J'ai payé 35 000 lires de frais d'admission à l'avance. Mon bébé a été admis en soins intensifs. L'infirmière nous a dit : "N'attendez pas ici, rentrez chez vous". Nous sommes rentrés. Le lendemain, ils nous ont appelés pour dire que l'état de mon bébé était critique. Lorsque je suis arrivé à l'hôpital, on m'a annoncé que mon bébé était mort. »
LES PERSONNES AYANT MENACÉ LE PROCUREUR ONT ÉTÉ DÉFÉRÉES AU TRIBUNAL
Huit suspects, dont les avocats A.A. et M.K.Z., qui avaient menacé dans son bureau le procureur Y.E., chargé de l'enquête au parquet de Büyükçekmece pour les crimes terroristes et organisés, ont été déférés au tribunal après leur garde à vue à la gendarmerie.

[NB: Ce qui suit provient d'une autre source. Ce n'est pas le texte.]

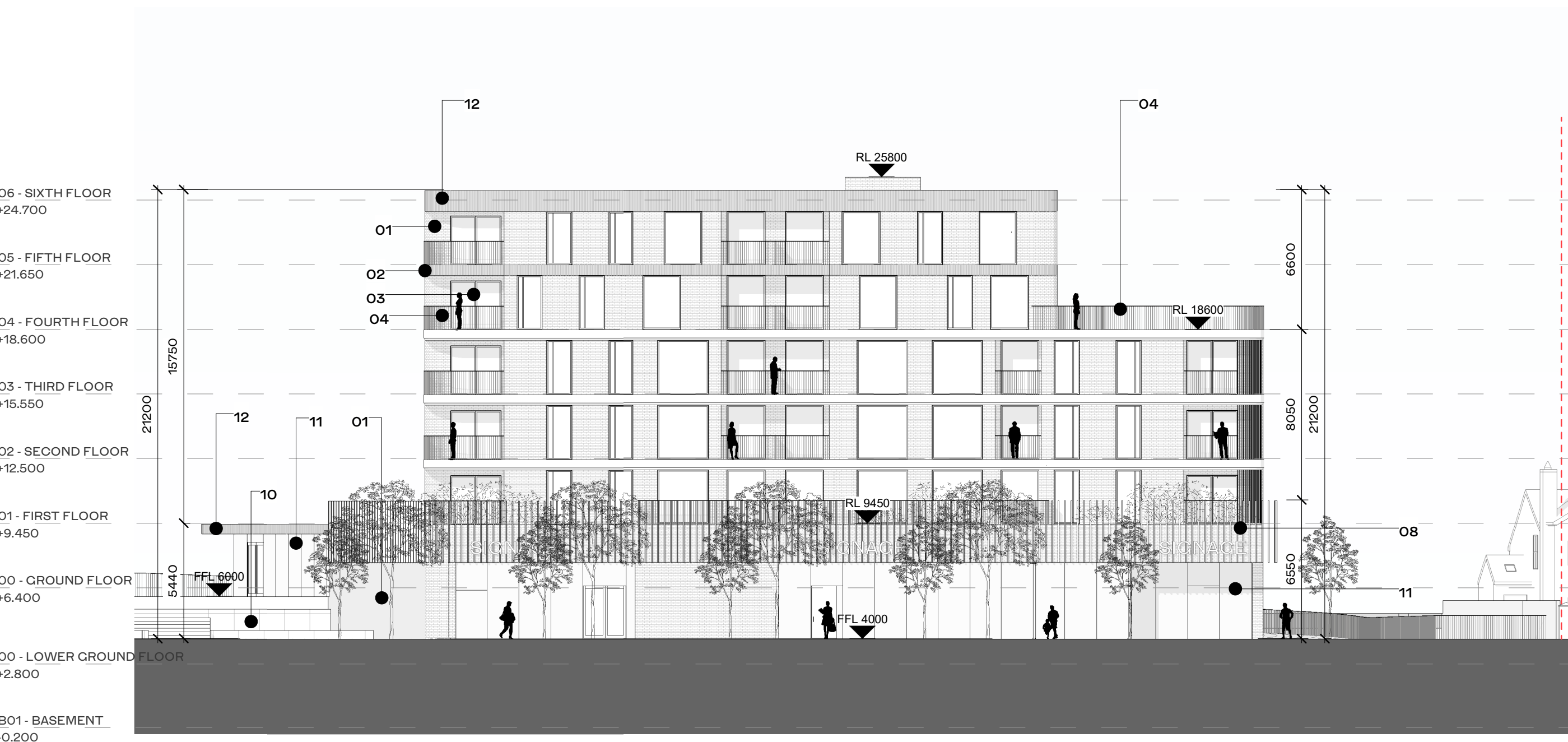
2 BLOCK D - SOUTH ELEVATION 1:200
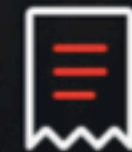
Sales/ order tracking
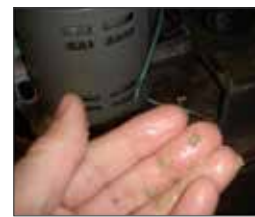
Soft limescale is now easily removed
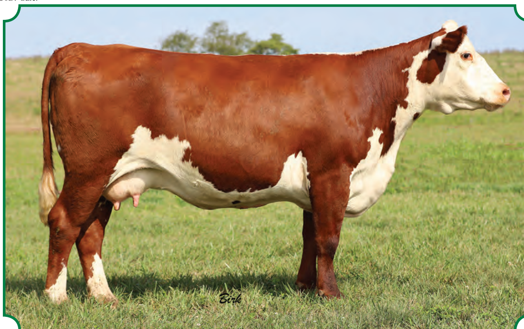
Lot 46--RH Victoria 1907

Il a été établi qu'A.A. et M.K.Z., qui avaient menacé de mort le procureur Y.E. par téléphone puis en se rendant dans son bureau pour obtenir la libération des suspects arrêtés, avaient obtenu les informations personnelles du procureur et de sa famille par l'intermédiaire de trois agents publics de la gendarmerie.